I'll check my loacal walmart! Is that like a dark blue/purple?

From the picture below, Which one is it? (From Basspro site)


----------



## BassAddict (Aug 10, 2007)

it more a black/tanish laminate with blue flake thrown in. basspro shows it as #12 but there it looks more like black with a motor oil tail sprinkled with blue flakes


----------



## BassAddict (Aug 10, 2007)

I love catching fish on a new lure!!!

Edit: Errrrr i mean worm.......


----------



## Jim (Aug 10, 2007)

At least you know they work now!

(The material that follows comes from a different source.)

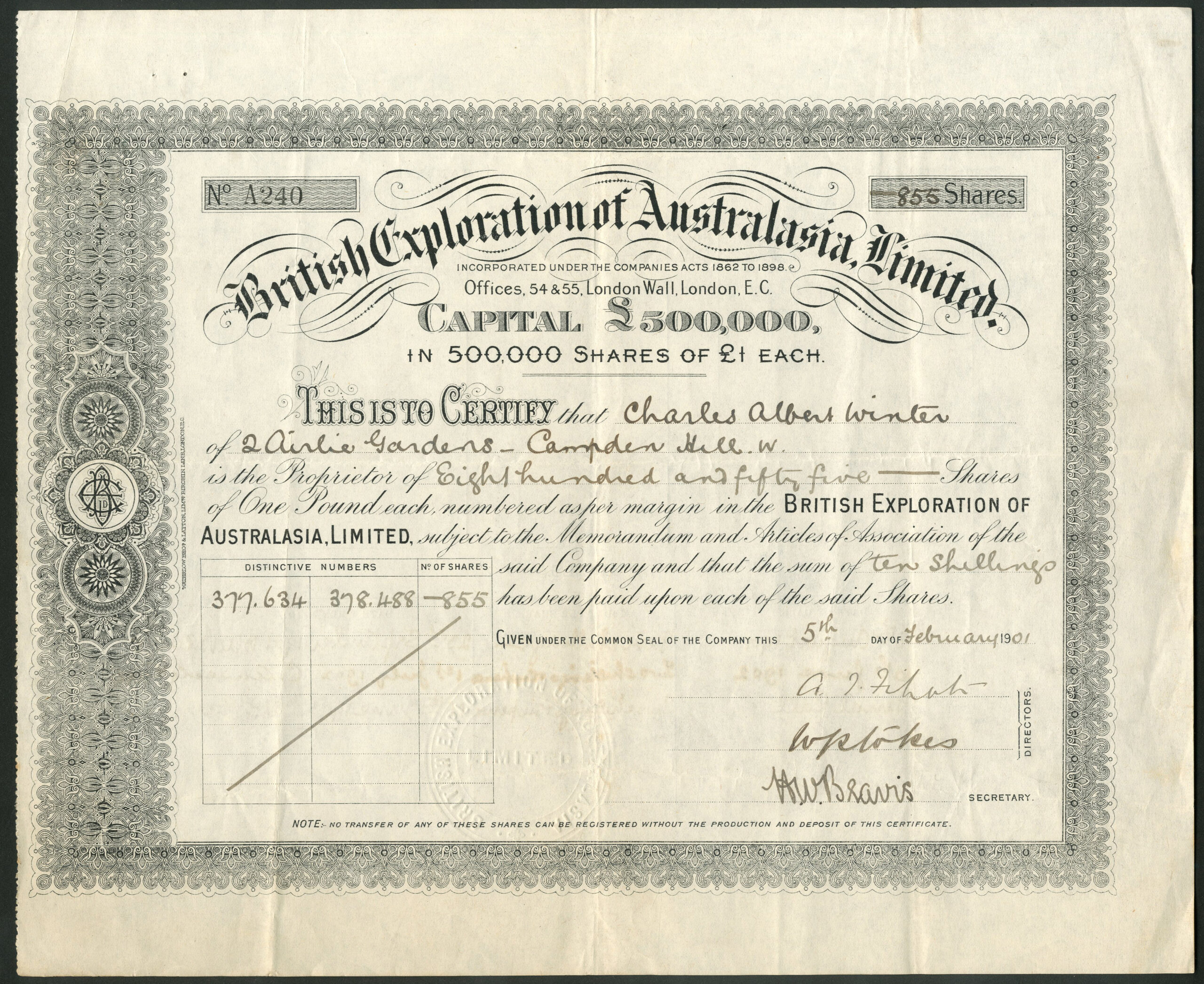 101 | £1 shares | 19[01], part paid, black | #A240 | £40 |

That fish looks dark!


----------



## BassAddict (Aug 10, 2007)

Dark and unually not too big...... I need to find a new pond to fish, but that pond where i caught him is only about 5 minutes away.


----------



## Captain Ahab (Aug 10, 2007)

looks almost like a smallmouth


----------



## Captain Ahab (Nov 7, 2013)

Remember when????????????????????????????????????


----------



## BassAddict (Nov 7, 2013)

Captain Ahab said:


> Remember when????????????????????????????????????



Yes that was when I still had my innocence........ Then I meet Ahab!


----------



## thudpucker (Nov 8, 2013)

Why would one guy's worms be any better than another guys worms?


----------